Brief Extinction Tests At the outset of the 20th and 21st acquisition sessions, brief 3-min extinction tests were conducted approximately 10 min following injections. During these two extinction tests, no scheduled consequences were in effect for either response; that is, distal responses did not result in presentation of the light and proximal responses did not result in food delivery. Following these 3-min tests the usual programmed consequences were in effect for 30 min. It should be noted that only two brief tests were conducted to minimize the potential for response-suppression that might otherwise have occurred with repeated non-reinforcement tests throughout acquisition training.
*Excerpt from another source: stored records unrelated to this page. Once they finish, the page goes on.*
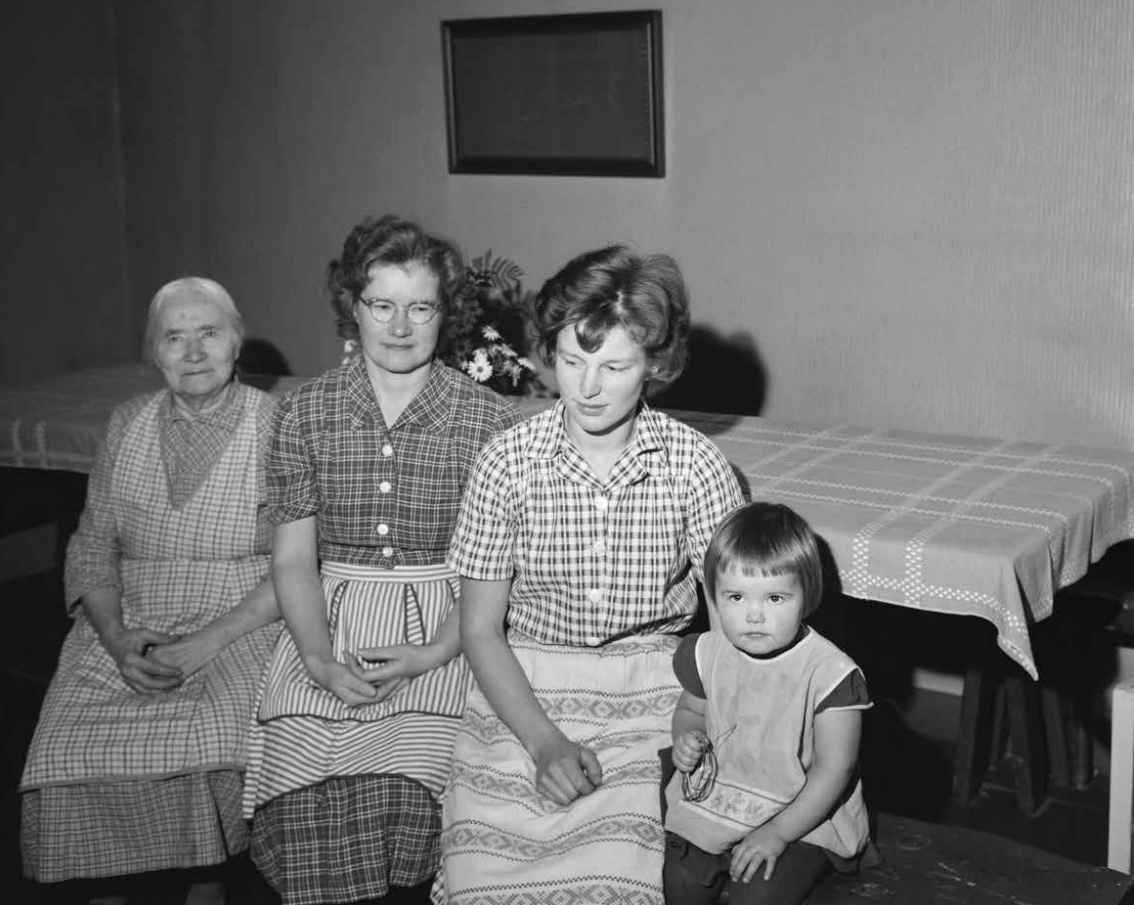
Tuvan penkillä istuu neljä sukupolvea Merjeslammen tilan naisia, Heinolan Imjärvellä.

Naimattomuuteen liittyi kuitenkin myös epäilyttävyyttä. Naimattomien naisten esitettiin kilpailevan miehistä avioliittomarkkinoilla ja aiheuttavan epävakautta jo solmituissa avioliitoissa. 65
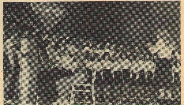
Поет хор естественно-географического факультета.
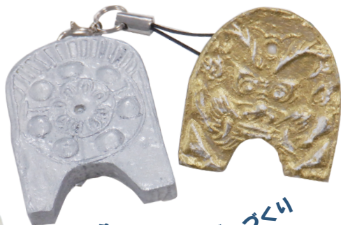
鬼瓦キーホルダーづくり
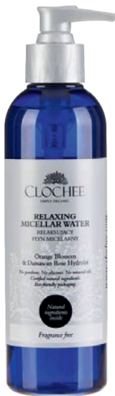
Płyn micelarny Clochee 62 zł Astor
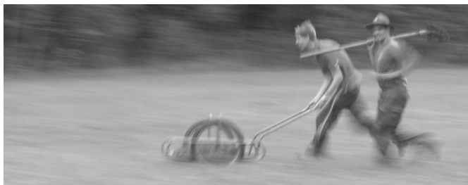
Byl to prostě foř... :-)

na tebe "nevyjde tolik dřeva". Vezměte to ale z jiného pohledu: dokázali jsme sobě i jiným, že to dokážeme. Já jsem jako kluk četl "foglarovky" (a mám-li čas, čtu je dosud) a chtěl jsem být na táboře, který si s kamarády sami postavíme. Předtím, než jsem před jedenácti lety přišel do Příbramského oddílu Vlků - čtvrtého oddílu (a chvíli předtím skautoval v Březnici), jsem byl na dvou táborech a tam mi právě tohle chybělo.
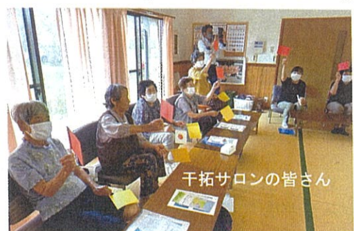
干拓サロンの皆さん
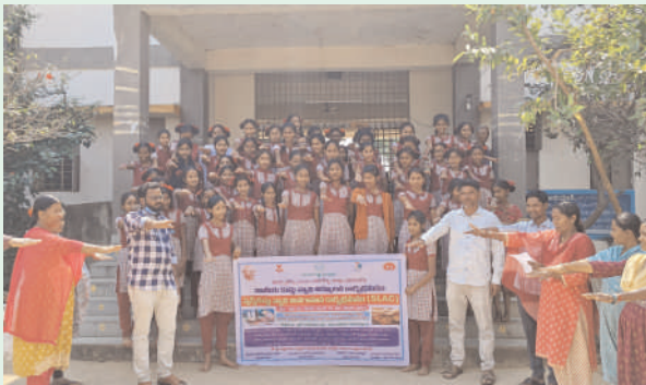
వాజేడు ఫిబ్రవరి 12 (ప్రజాజ్యోతి):

-వసతి గృహాలలోని విద్యార్థులకు కుష్టు వ్యాధి భిలగాహన

Extinction Sessions During the first 10 sessions following acquisition, both responses were nonreinforced in the saline condition. During these sessions, nose-pokes (distal response) did not result in the presentation of the light and lever-presses (proximal response) did not result in food delivery. Over the next 10 sessions, nicotine was administered, and again both responses were without consequence. It should be noted here that the rationale for carrying out extinction of saline responding first with all eight rats was two-fold: First, as noted above, the rats had histories of acquisition and extinction in the non-drug state in a previous resurgence investigation. The concern was that extended extinction sessions carried out first in the nicotine condition might compromise the potential recovery of the opposite response chain in the saline condition. Second, the authors sought to systematically replicate Troisi (2003a) results showing that extinction in the non-drug state does not subsequently undermine discriminative control by nicotine.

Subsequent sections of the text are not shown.